Your response to the data below should hold nothing except the lines from the one containing "Arsenal tạm thời" down to the one containing "Add cooked pasta, reserved", reproduced exactly and without pictures.

Dataset records section start

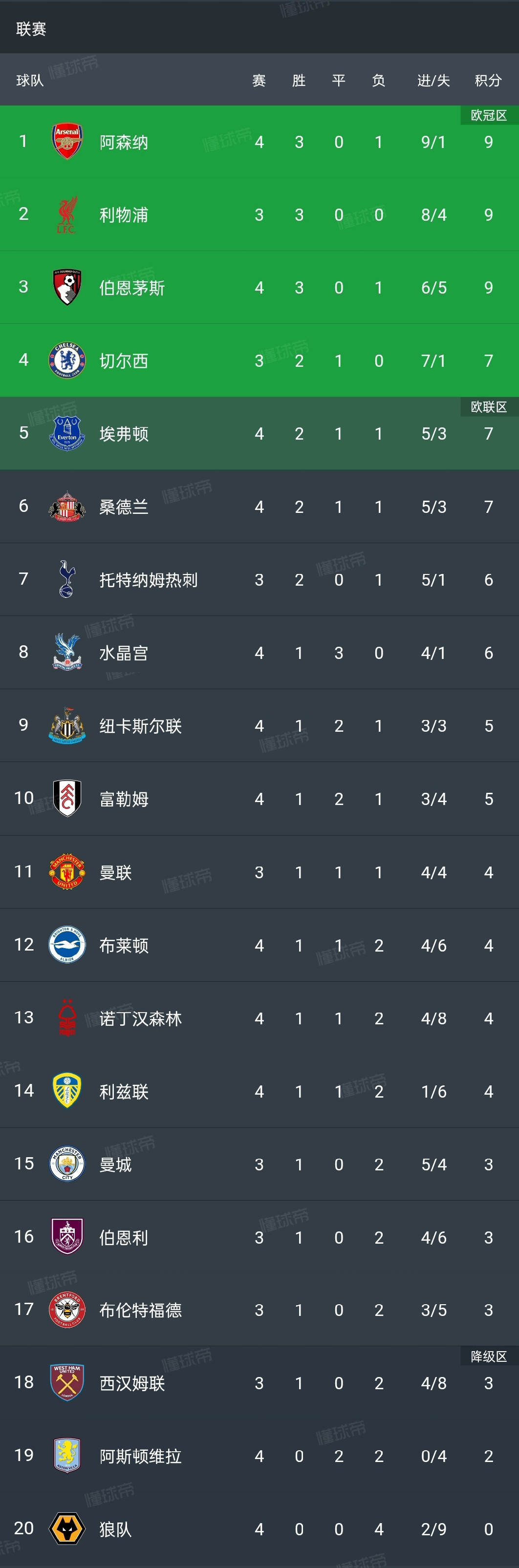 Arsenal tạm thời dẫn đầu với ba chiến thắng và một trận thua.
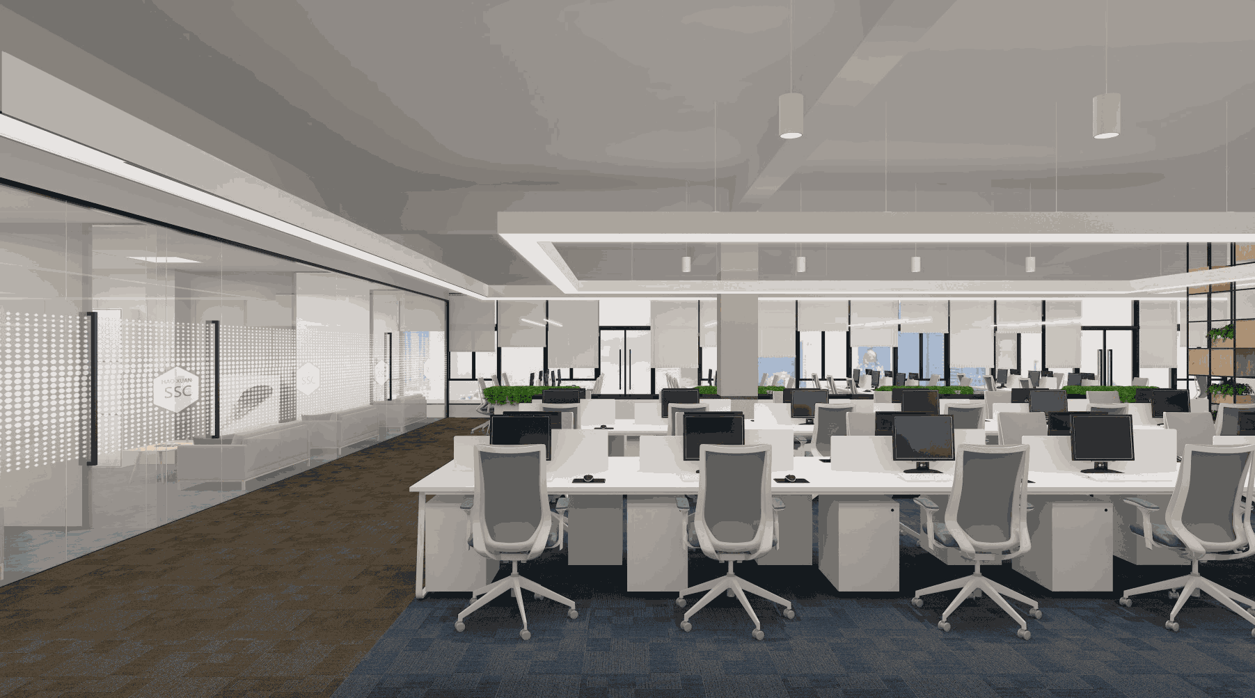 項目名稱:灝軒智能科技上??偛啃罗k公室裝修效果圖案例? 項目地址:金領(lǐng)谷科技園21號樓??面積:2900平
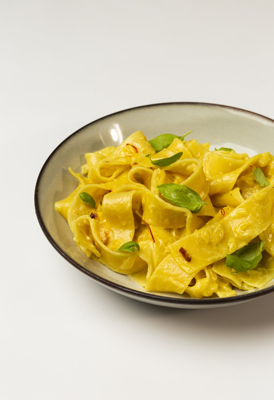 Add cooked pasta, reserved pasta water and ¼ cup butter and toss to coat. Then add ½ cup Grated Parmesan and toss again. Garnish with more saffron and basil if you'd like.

Dataset records section end
Dataset records section start

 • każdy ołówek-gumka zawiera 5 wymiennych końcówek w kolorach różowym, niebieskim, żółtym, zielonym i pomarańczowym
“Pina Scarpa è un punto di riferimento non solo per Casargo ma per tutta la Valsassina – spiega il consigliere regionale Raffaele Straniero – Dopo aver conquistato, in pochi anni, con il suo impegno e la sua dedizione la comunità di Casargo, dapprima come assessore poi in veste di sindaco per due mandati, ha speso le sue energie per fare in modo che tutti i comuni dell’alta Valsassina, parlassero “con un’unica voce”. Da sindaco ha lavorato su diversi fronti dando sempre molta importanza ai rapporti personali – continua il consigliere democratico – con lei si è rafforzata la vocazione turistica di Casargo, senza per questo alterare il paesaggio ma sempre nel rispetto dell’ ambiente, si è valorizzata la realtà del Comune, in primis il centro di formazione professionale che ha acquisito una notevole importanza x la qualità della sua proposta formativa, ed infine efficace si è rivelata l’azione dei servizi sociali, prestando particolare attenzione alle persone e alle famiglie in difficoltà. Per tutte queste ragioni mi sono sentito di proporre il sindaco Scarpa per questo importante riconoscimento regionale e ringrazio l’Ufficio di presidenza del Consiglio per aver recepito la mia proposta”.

Dataset records section end

Your solution
 Arsenal tạm thời dẫn đầu với ba chiến thắng và một trận thua.
 項目名稱:灝軒智能科技上??偛啃罗k公室裝修效果圖案例? 項目地址:金領(lǐng)谷科技園21號樓??面積:2900平
 Add cooked pasta, reserved pasta water and ¼ cup butter and toss to coat. Then add ½ cup Grated Parmesan and toss again. Garnish with more saffron and basil if you'd like.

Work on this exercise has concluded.